Click Here for Audio Sample

Duke Ellington

Duke Ellington's Orchestra was a complex configuration of many spiritual and musical elements. To be sure, it was Duke Ellington's music which was created here; but it was just as much the music of each individual member of the band. Many Ellington pieces were genuine collective achievements, but it was Ellington who headed the collective. Attempts have been made to describe how Ellingron recordings came into being - but the process is so subtle that verbalization appears crude. Duke, or his alter ego, the late Billy Strayhorn, arranger and jazz composer, or one of the members of the band, would come to the studio with a theme. Ellington would play it on the piano. The rhythm section would fall in.

One or another of the horn men would pick it up. Baritone saxophonist Harry Carney might improvise a solo on it. The brass would make up a suitable background for him. And Ellington would sit at the piano and listen, gently accenting the harmonies - and suddenly he'd know: This is how the piece should sound and no other way ... in the real meaning of the word he improvised it into being.

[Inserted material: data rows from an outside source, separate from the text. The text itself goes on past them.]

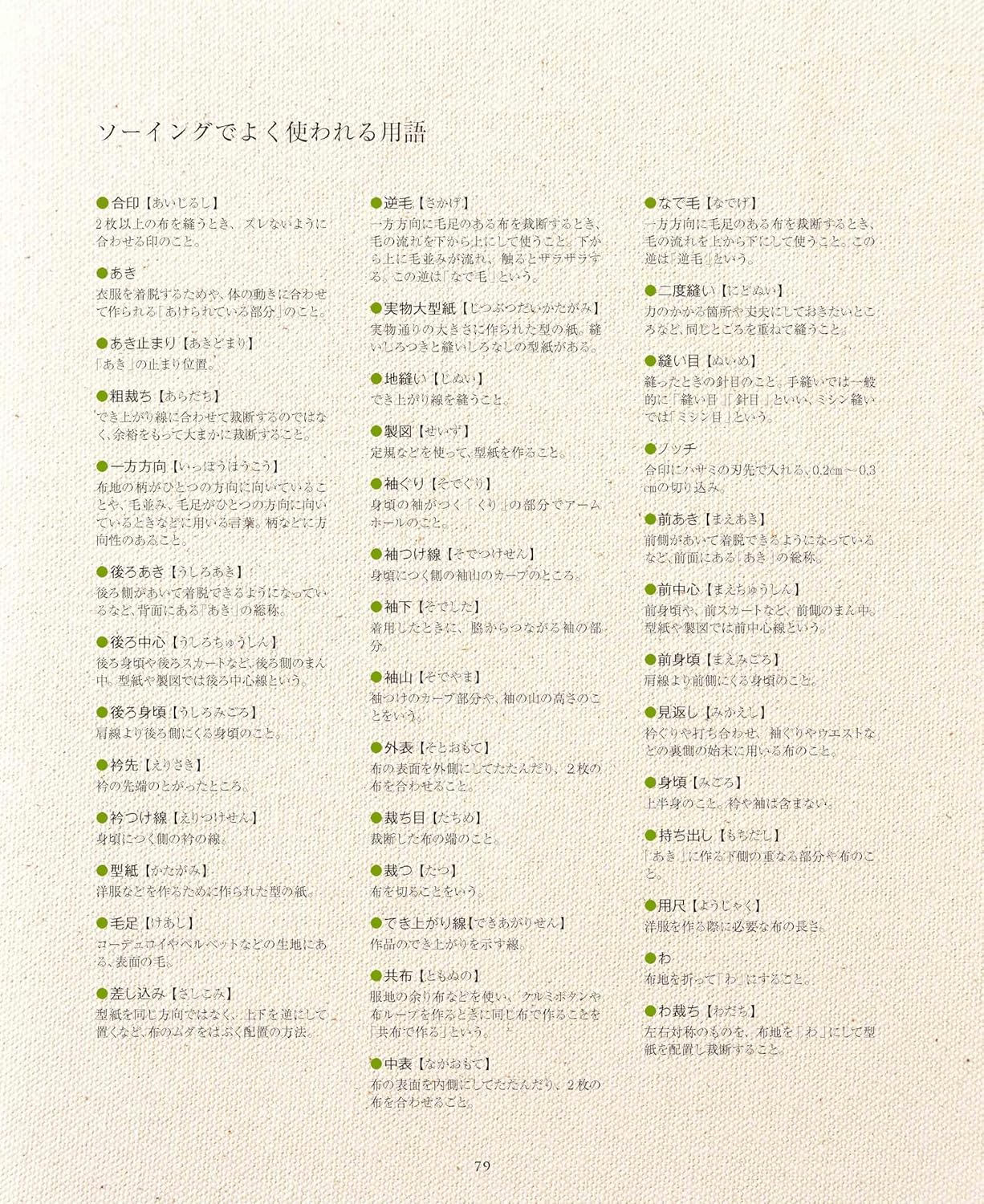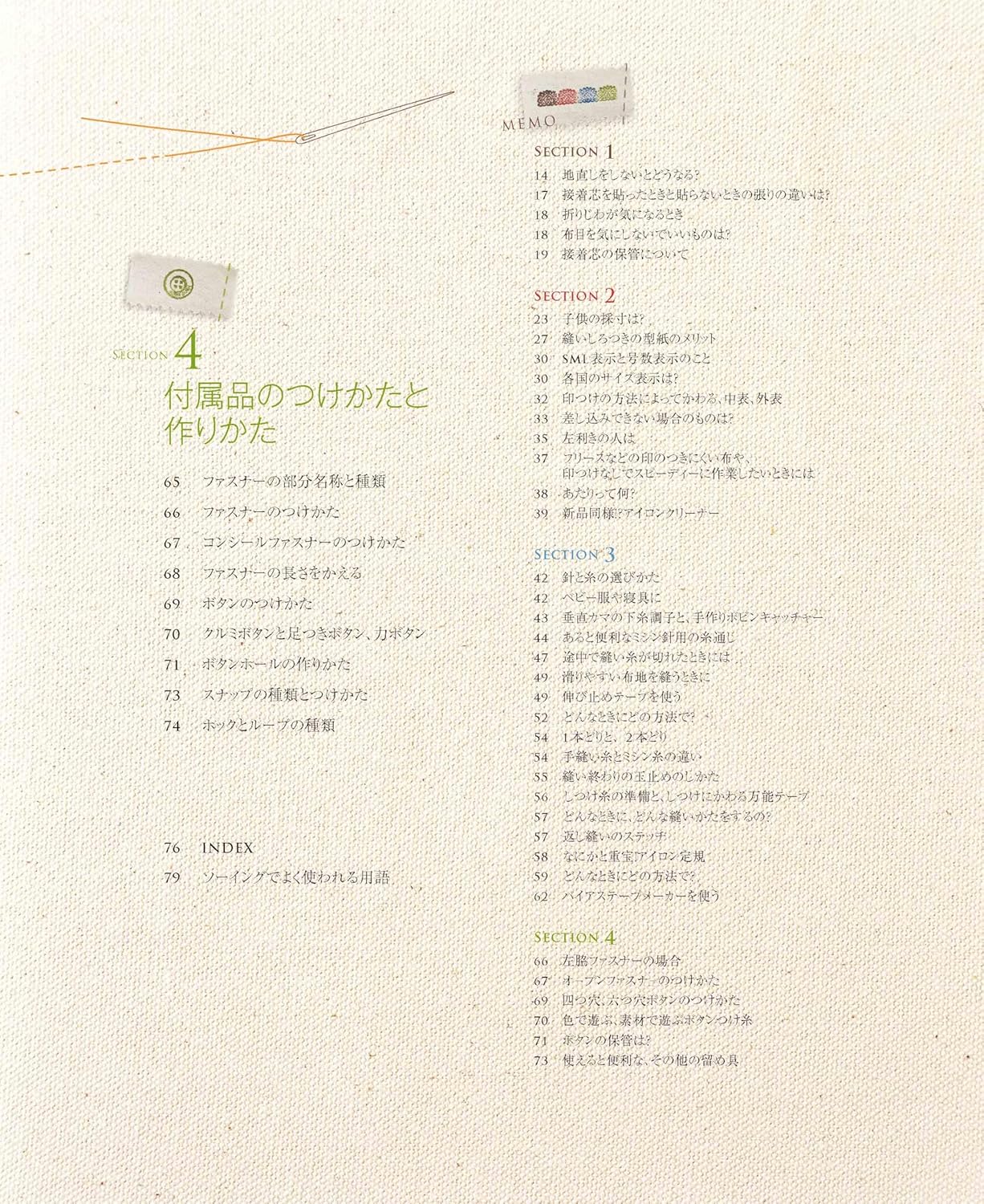 A wealth of illustrations and photos explain everything from basic equipment to fabrics, ironing methods, and sewing machine operating procedures. It also includes many solutions and ideas for frequently asked questions.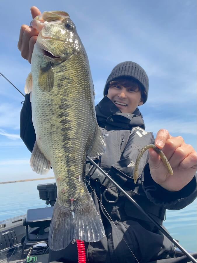 オスはブレイクの上で食ってくるので、ブレイク上のハードボトムを巻いて食わせる。メスは下のレンジにフリーリグ、ジグヘッドワッキーなどをゆっくり落としていって食わせている感じになります。
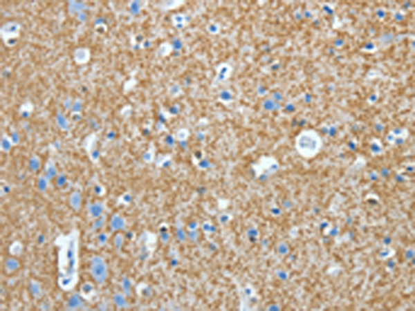 The image is immunohistochemistry of paraffin-embedded Human brain tissue using P07131(BIN1 Antibody) at dilution 1/30. (Original magnification: ×200) |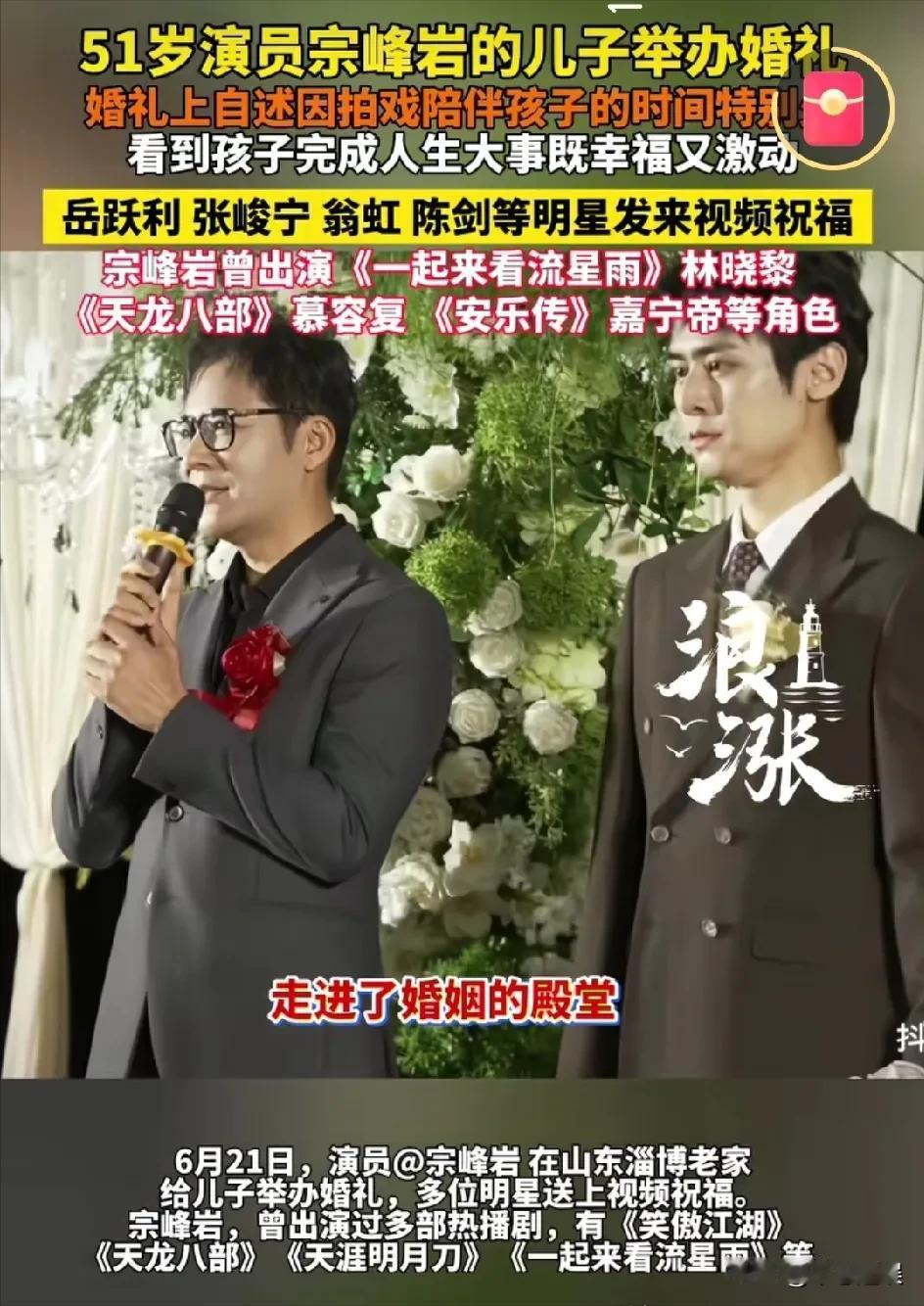 喜当公公的宗峰岩,给所有男演员上了一课, 特别是没有背景没有人脉的人, 一定要记住:在什么年龄段做什么事,该奋斗就奋斗,该结婚就结婚,该生子就生子。 别老了事业一无所成,还错过了最佳结婚的年龄。 宗峰岩,在娱乐圈是知名配角,在《仙剑奇侠传三》《天涯明月刀》《宫》《无忧渡》等大爆剧中都有不俗的表现。 和胡歌、宁静、杨幂是老搭档了。 近日,他迎来了一个大喜事,那就是儿子结婚了。 才51岁,就喜当公公,这把宗峰岩感动的热泪盈眶,在儿子的婚礼上盛装出席,激动发言。 他满眼深情的看着儿子,仿佛有千言万语想说给孩子听,最后,所有的疼爱与温柔,都化作了一句“祝新婚快乐。” 看多了明星晚婚晚育,突然看到宗峰岩才51岁就当公公,很不适应。 比如,郭富城、周杰伦等人过了50岁才结婚生子;像苏有朋、何炅、古天乐这些人,年过半百还未婚,而像汪峰、李亚鹏这些人离了几次了还没个安定的心。 所以,宗峰岩51岁当公公,仿佛是一件稀罕事。 其实,这才是正常的人生规划,谁说婚姻和事业不能同时进行呢? 该努力演戏的时候,就认真打磨作品;遇到了真爱就珍惜并结婚,有孩子了就全力托举孩子,这样,既避免了老无所依的尴尬窘况,还能把人生交代的更完整。 你说是不是? 所以啊,演员就别立什么单身人设了,把握幸福才是最重要的。

Once, it is said, Paul Whiteman and Ferde Grofe, his arranger, went night after night to the club where Ellington was playing, because they wanted to assimilate some of Ellington's typical sounds. Finally they gave up: "You can't steal from him." No matter how memorable and melodic Ellington's popular melodies had become, they seemed to lose too much of their essence when not played by Ellington himself.